- _How to complete this task_
Print the lines exactly. Start at the first line of the material below, end with the line that contains "Cozy tan sweater", and skip all pictures.

- _Stored data_
****************

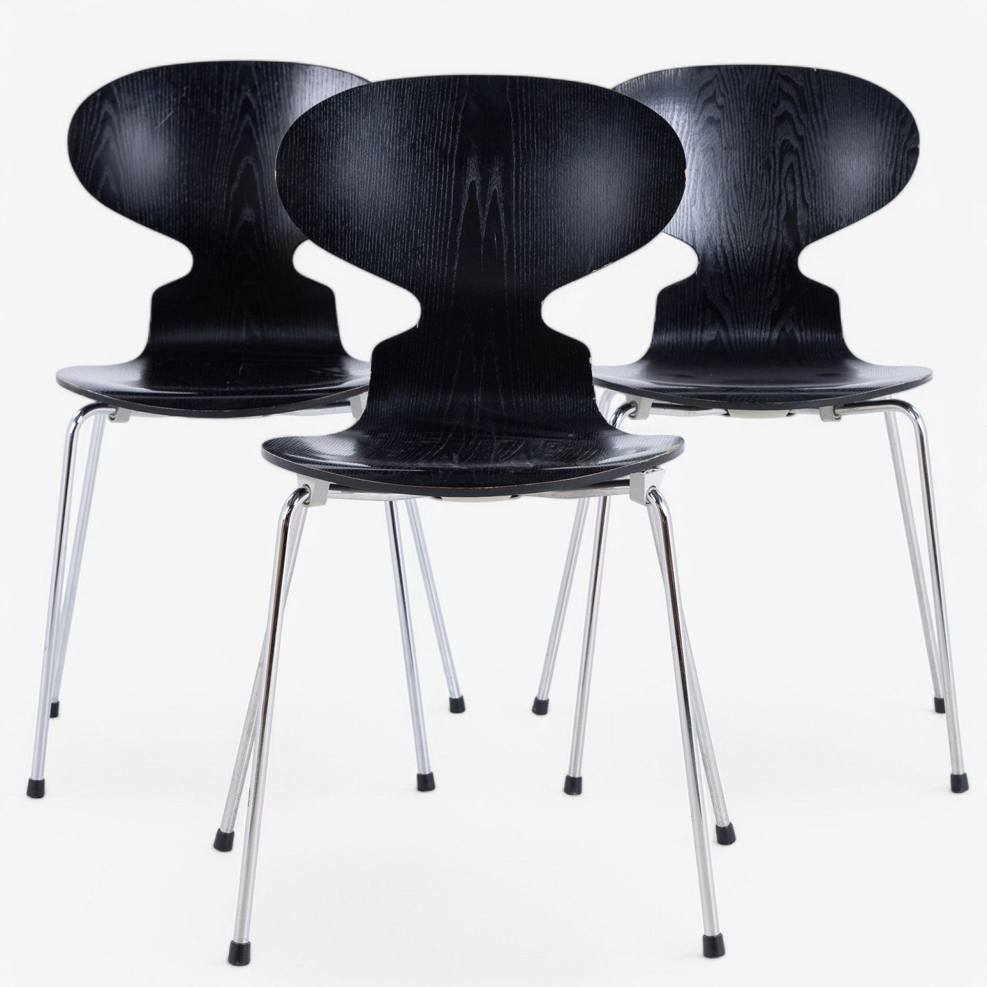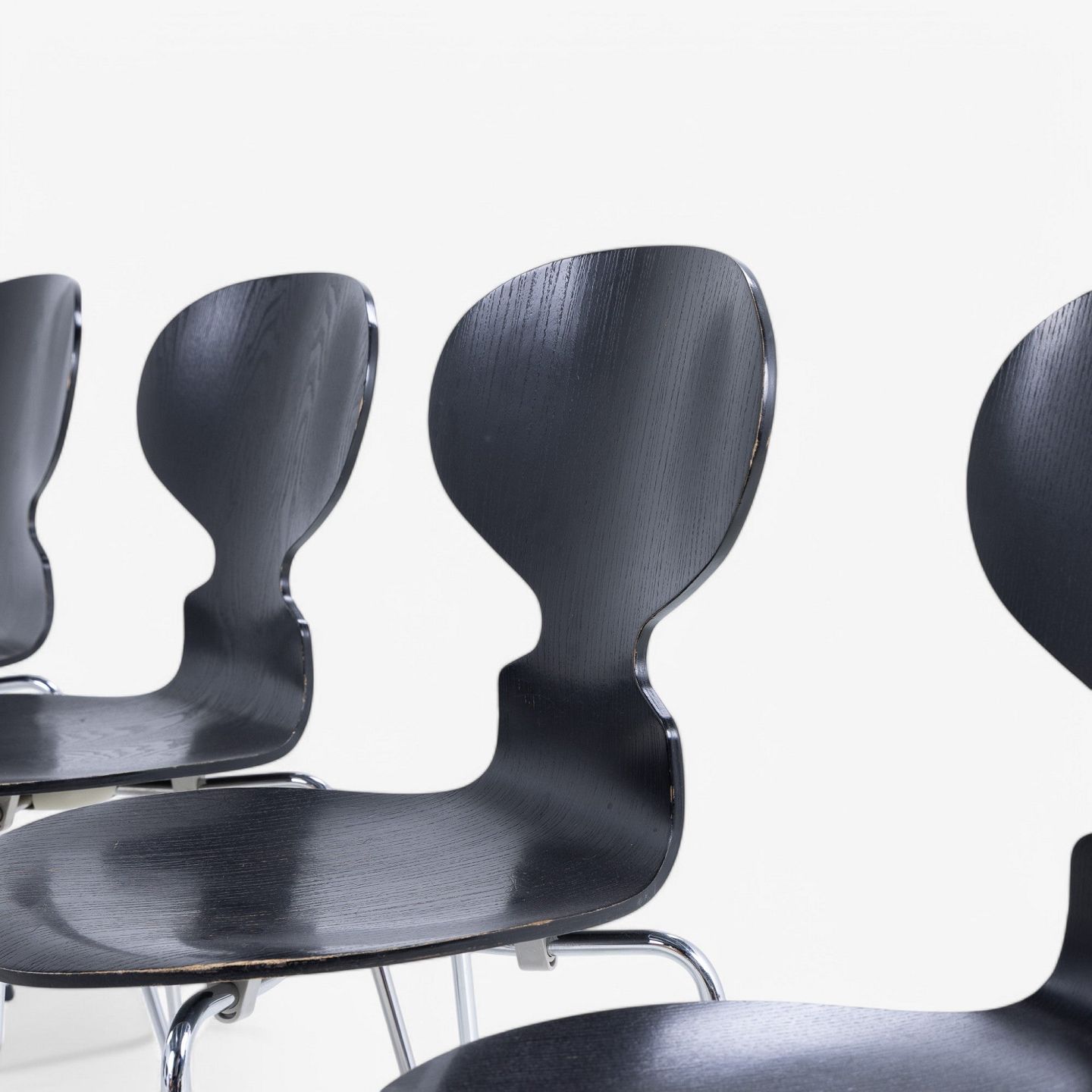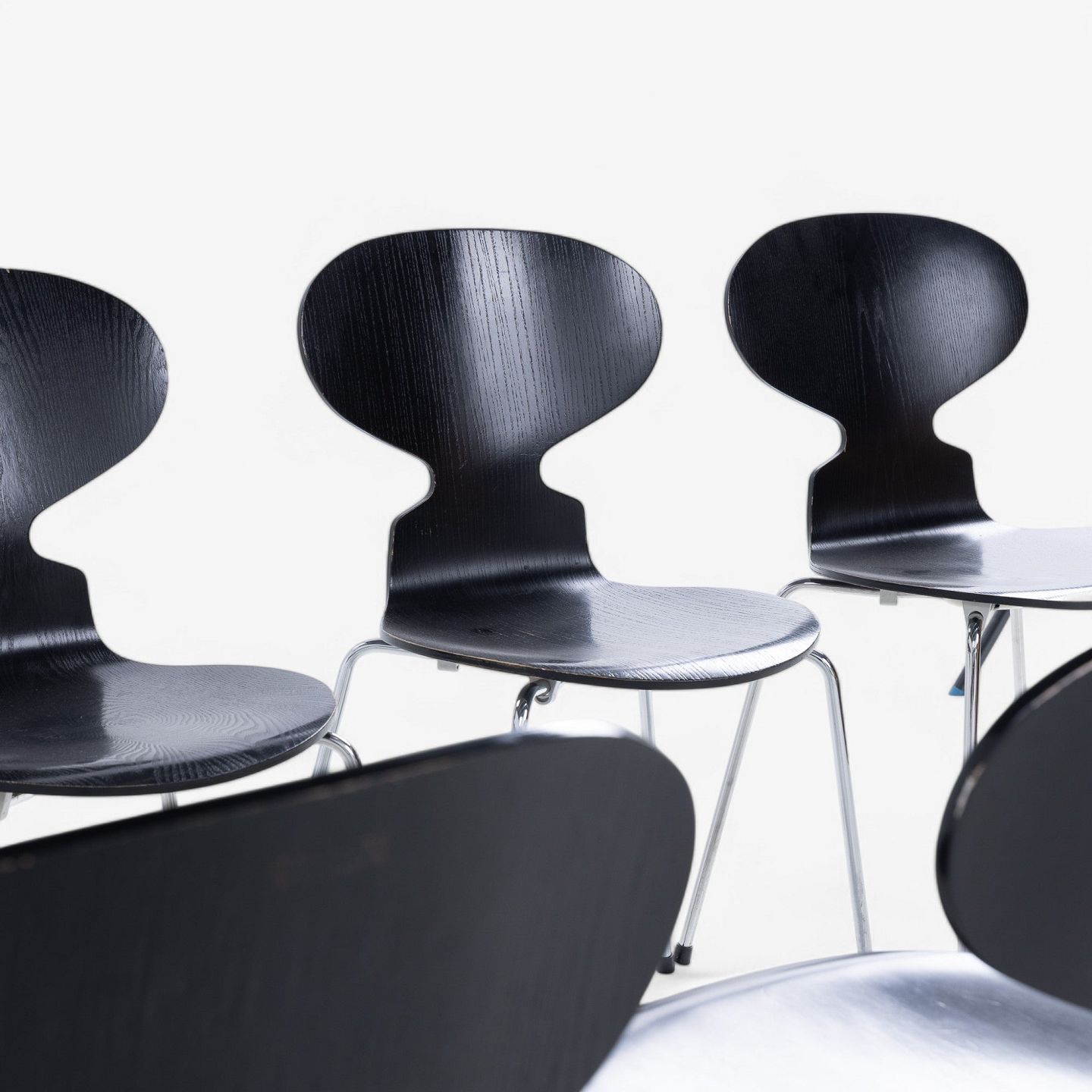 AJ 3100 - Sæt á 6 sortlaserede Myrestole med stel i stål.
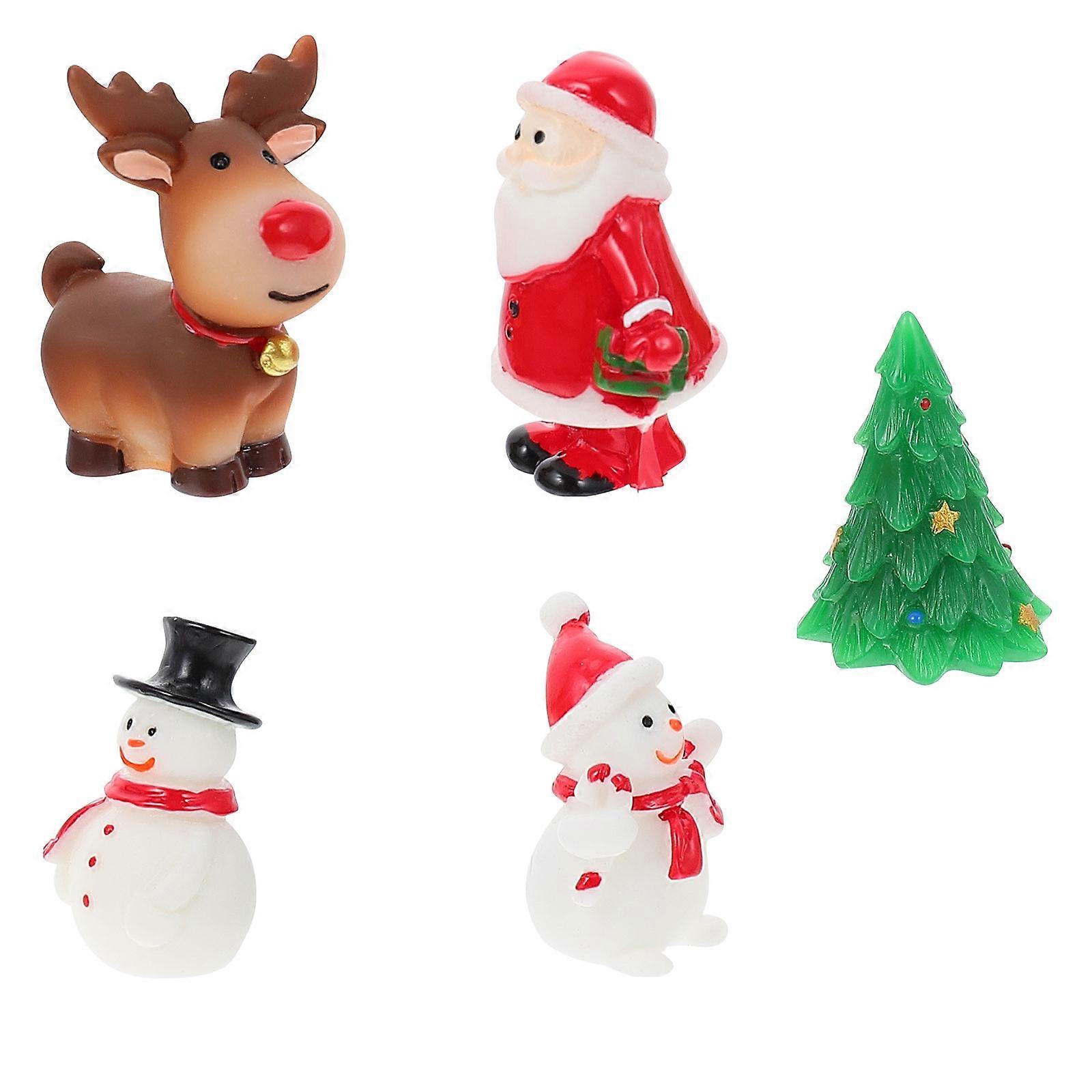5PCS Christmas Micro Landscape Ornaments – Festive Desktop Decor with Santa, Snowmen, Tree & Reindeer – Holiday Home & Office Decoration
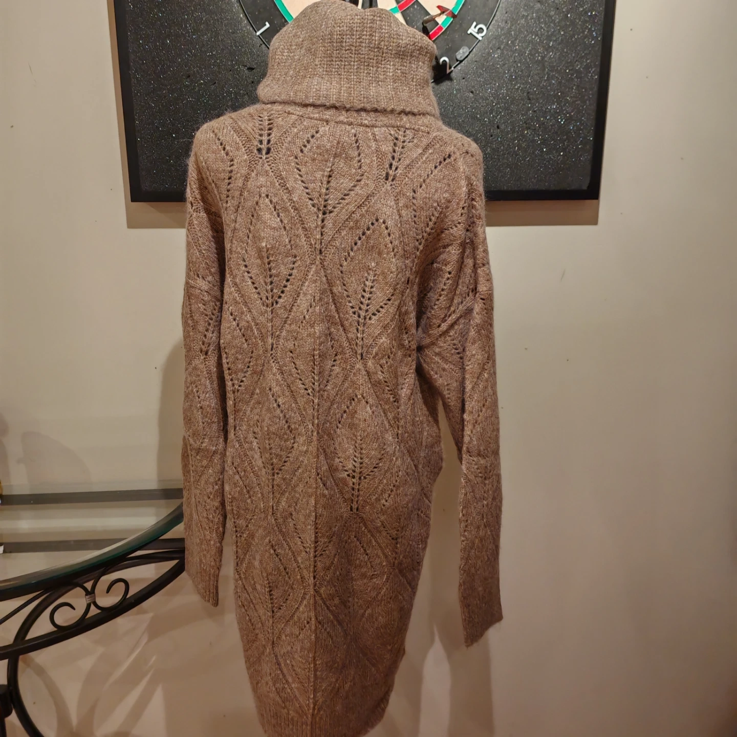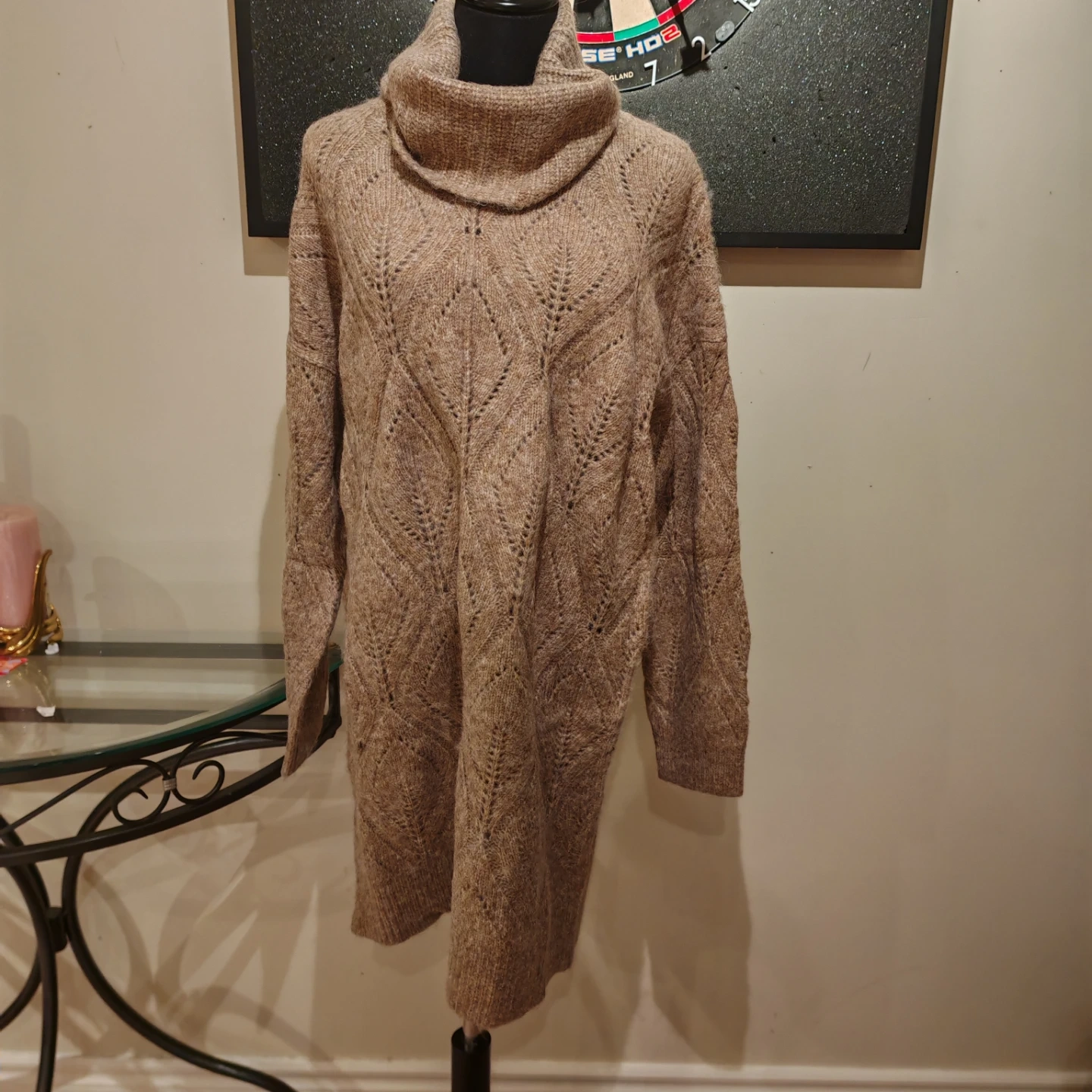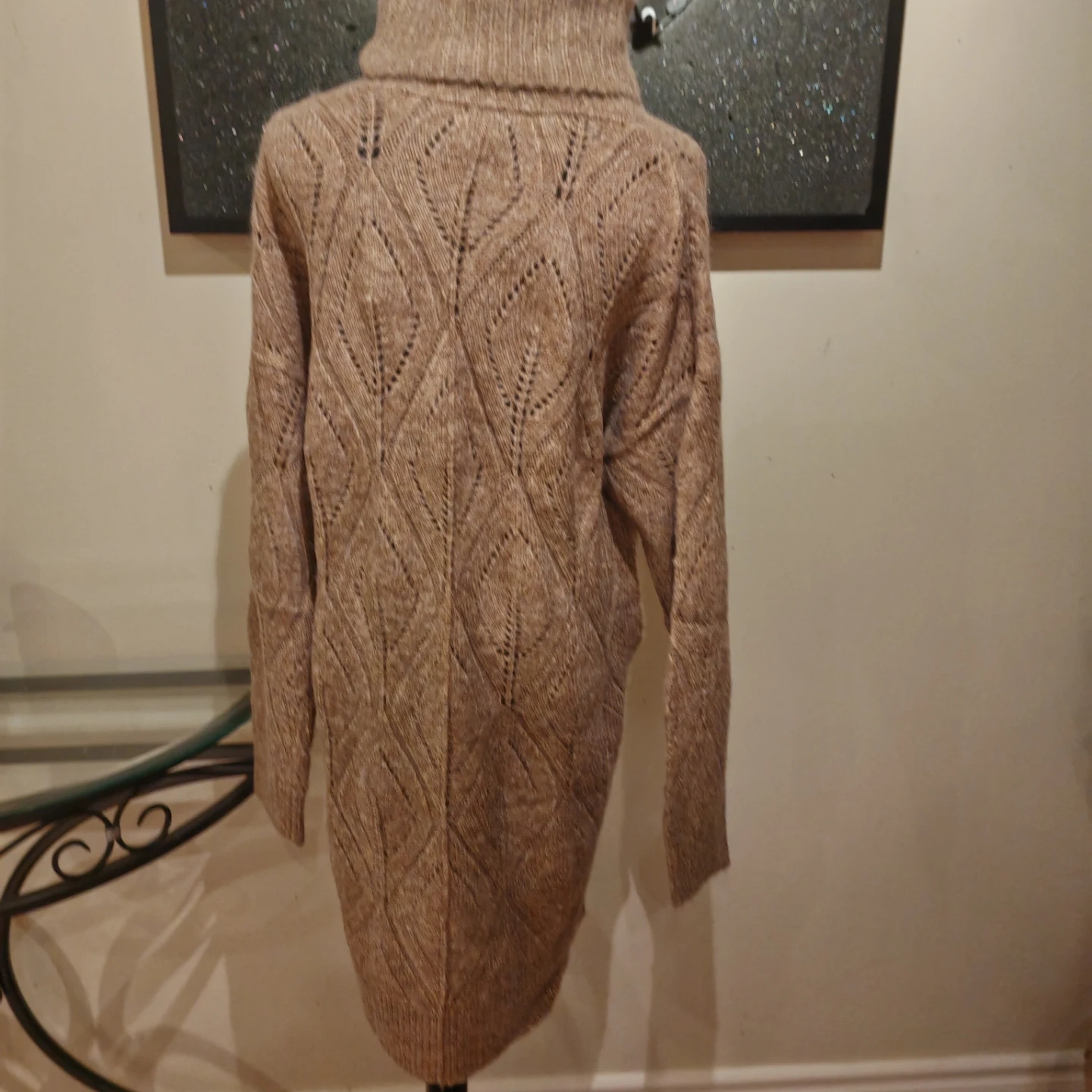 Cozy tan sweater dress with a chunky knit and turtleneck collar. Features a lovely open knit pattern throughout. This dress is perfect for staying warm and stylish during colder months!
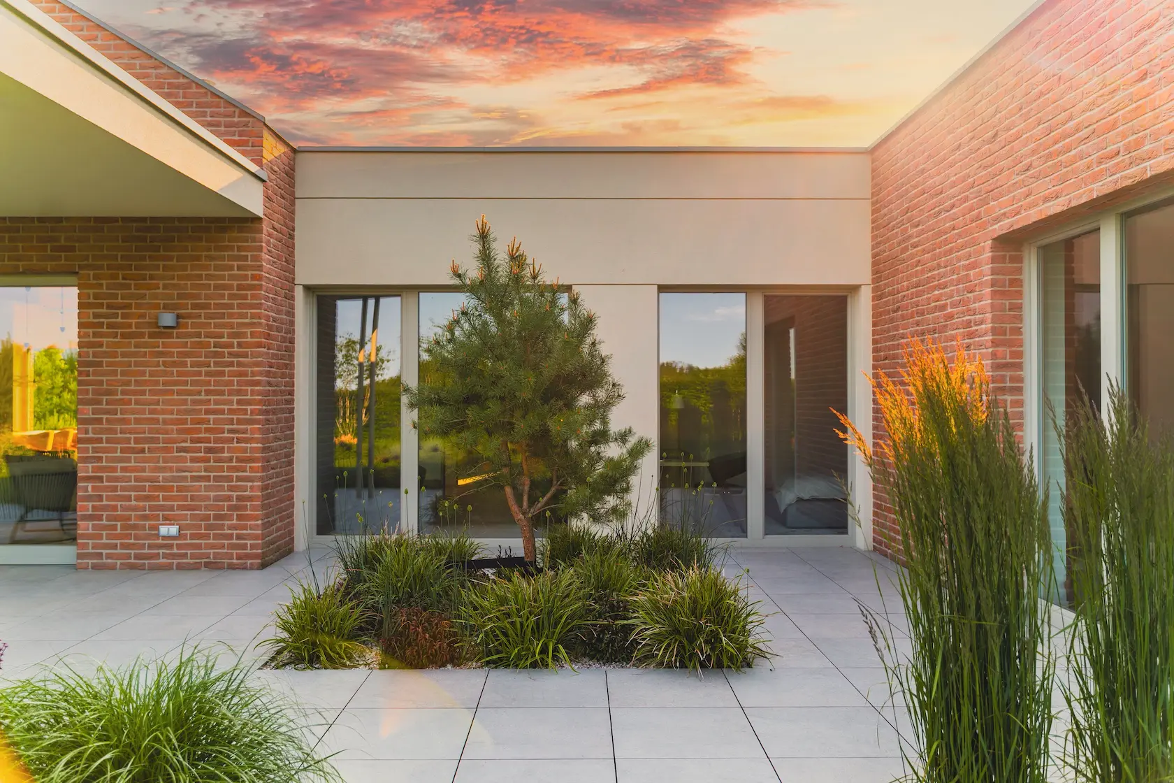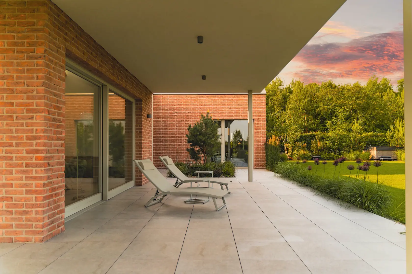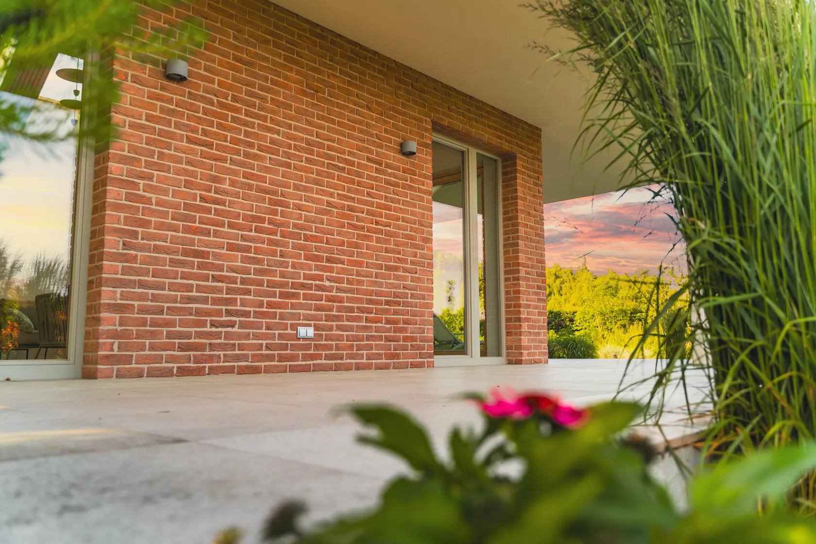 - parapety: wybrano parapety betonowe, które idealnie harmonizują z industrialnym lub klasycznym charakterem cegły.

****************

- _Exercise output_
 AJ 3100 - Sæt á 6 sortlaserede Myrestole med stel i stål.
5PCS Christmas Micro Landscape Ornaments – Festive Desktop Decor with Santa, Snowmen, Tree & Reindeer – Holiday Home & Office Decoration
 Cozy tan sweater dress with a chunky knit and turtleneck collar. Features a lovely open knit pattern throughout. This dress is perfect for staying warm and stylish during colder months!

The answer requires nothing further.